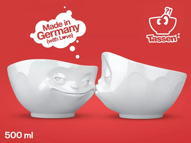 Hvilken skål er du i dag? Giv dit service liv med skåle, der har forskellige ansigtsudtryk. I højeste tyske kvalitet. Kendt fra animerede film på Youtube.
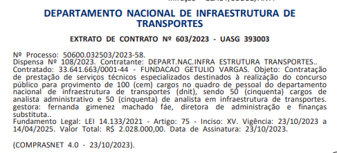 O resultado final do curso de formação do concurso do DNIT foi publicado.
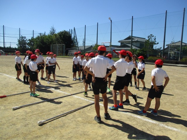 5年生と6年生が競争遊戯「朝西無双!竹取物語 秋の陣 2025」の練習を行いました。
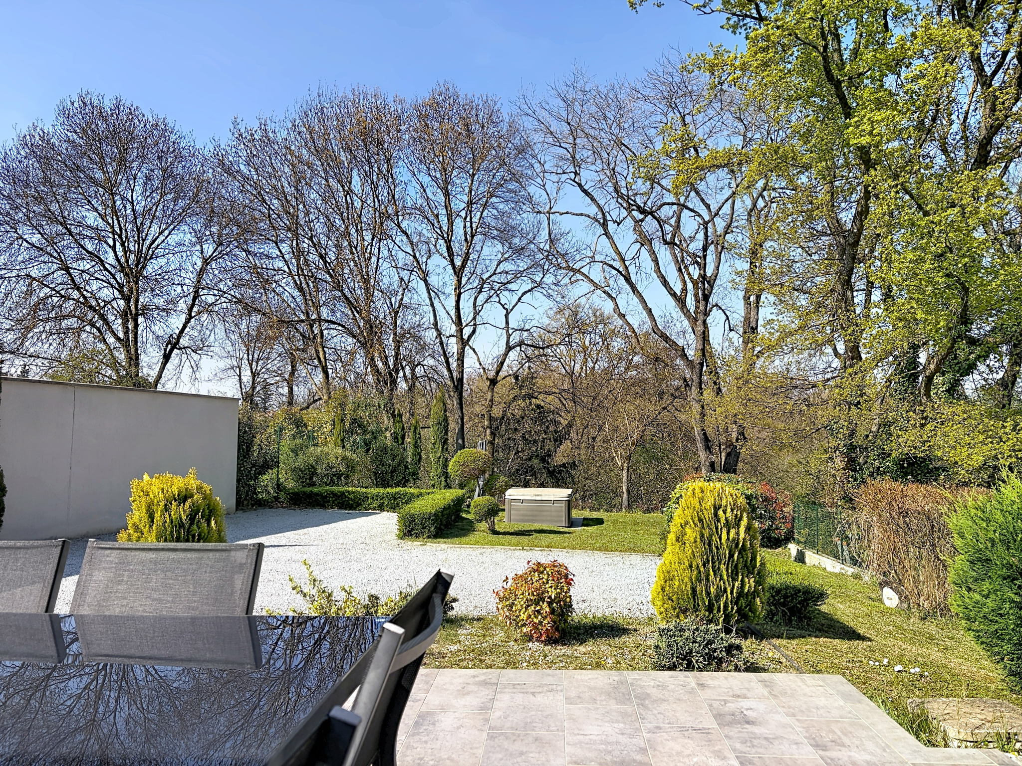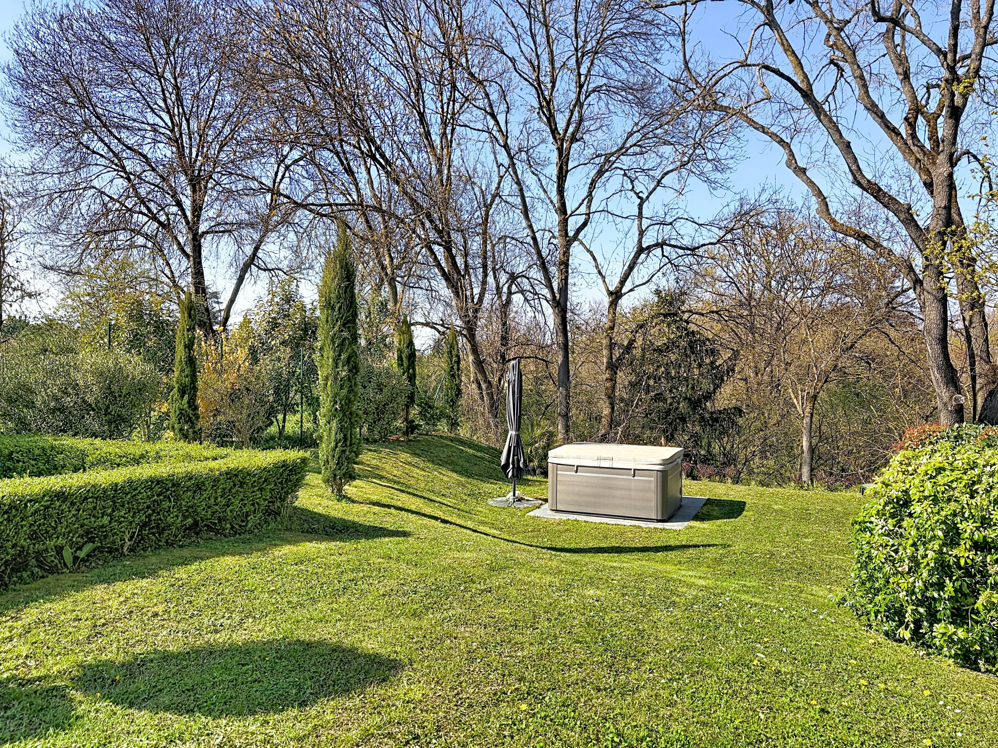 Le jardin est clos, arboré, il dispose d'une petite cabane pour le stockage et d'un SPA préservé de tout vis à vis. Un espace de stationnement permet de garer plusieurs véhicules et le portail est motorisé. Tout est comme neuf.
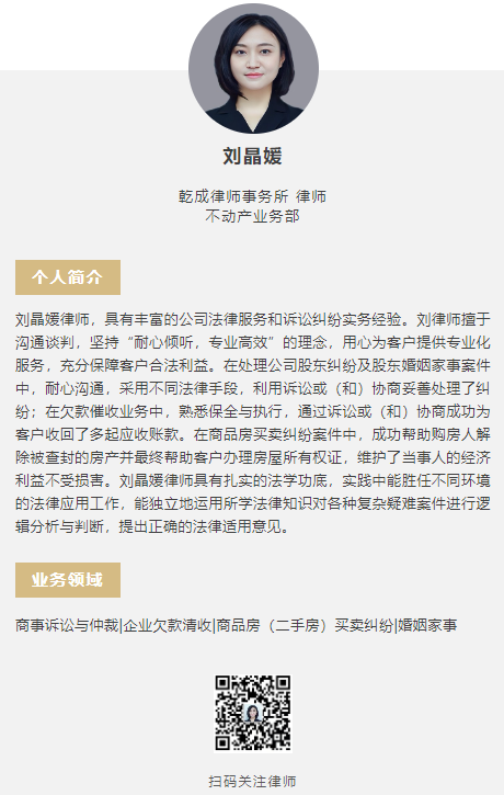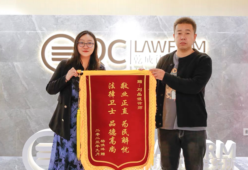 2023年9月25日,某房屋買(mai) 賣合同糾紛案當事人親(qin) 自來到乾成律所總部,向該案承辦律師—我所不動產(chan) 業(ye) 務部劉晶媛律師親(qin) 手贈送了一麵錦旗,上書(shu) “ 敬業(ye) 正直 為(wei) 民解憂 法律衛士 品德高尚”十六個(ge) 大字。這一評語充分表達了當事人對乾成律師的信任與(yu) 感謝,體(ti) 現了乾成不動產(chan) 業(ye) 務團隊精深的專(zhuan) 業(ye) 素養(yang) 和高度的敬業(ye) 精神。
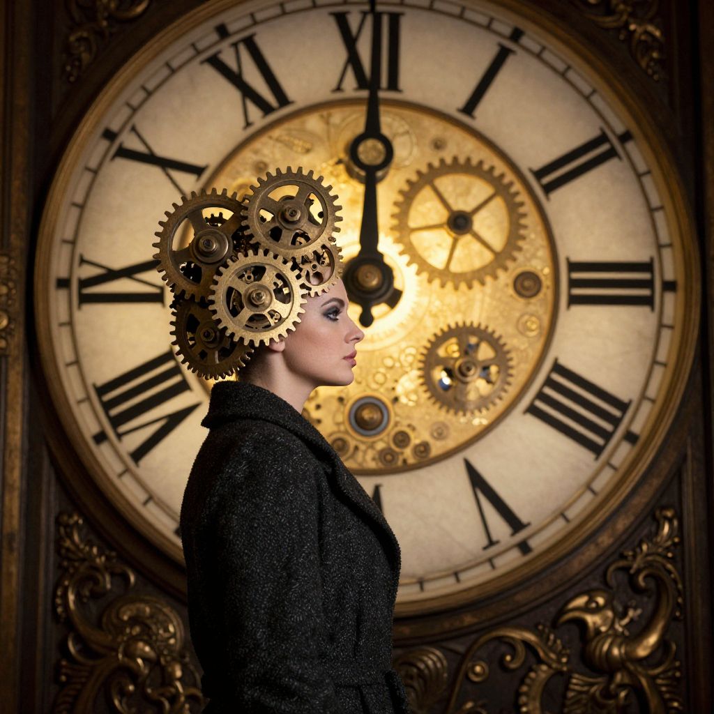 In the image, a woman with intricate mechanical gears adorning her hair stands in front of a large, ornate clock displaying the time 3:33. The clock's face is detailed with Roman numerals and a golden glow emanating from the center, creating a sense of timelessness and mystery. The woman's attire, a dark, textured coat, contrasts with the clock's elaborate design, adding depth to the composition. Her gaze is directed towards the clock, suggesting a connection between her and the passage of time. The overall scene is a blend of mechanical and natural elements, with the gears and clock representing the passage of time, while the woman's presence adds a human element to the scene. The interplay of light and shadow, along with the detailed textures of the clock and the woman's coat, creates a visually rich and dynamic image.
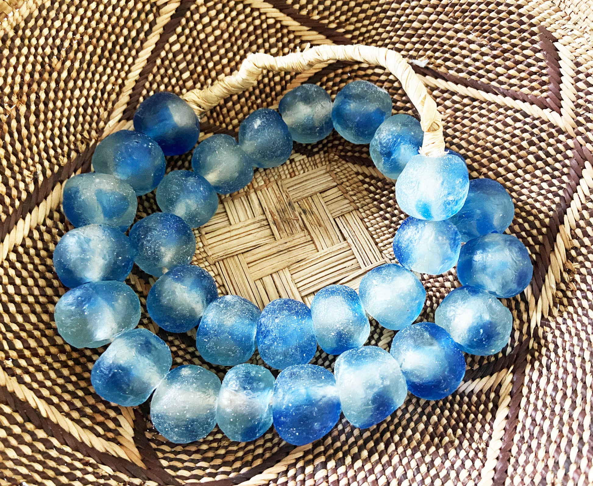 Superb String of African handmade jumbo Brown trade Glass beads string, strung on hemp.
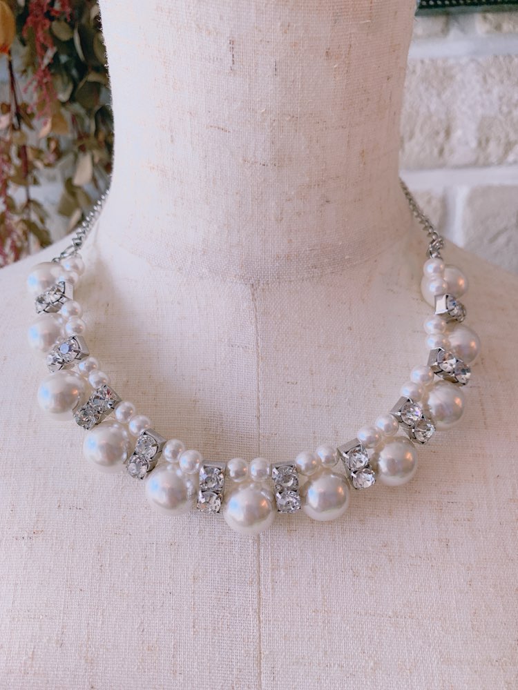 大きさの異なるパールとスワロフスキーを組み合わせたネックレスです。シルバーとパールは、肌に馴染んで落ち着いた雰囲気にも良く合います。パーティーやお祝いの席にぴったりのほどよいボリューム感と華やかさが使いやすさ◎。 胸元のあきが気になるドレスにプラスすれば、デコルテを華やかに演出してくれます。調節可能なアジャスター付き。

__Task details__
Copy nothing but the lines from the first one in the listing through the line with "5年生と6年生が競争遊戯「朝西無双!竹取物語 秋の陣 2025」の練習を行いました。", and omit the pictures.

__Answer__
 Hvilken skål er du i dag? Giv dit service liv med skåle, der har forskellige ansigtsudtryk. I højeste tyske kvalitet. Kendt fra animerede film på Youtube.
 O resultado final do curso de formação do concurso do DNIT foi publicado.
 5年生と6年生が競争遊戯「朝西無双!竹取物語 秋の陣 2025」の練習を行いました。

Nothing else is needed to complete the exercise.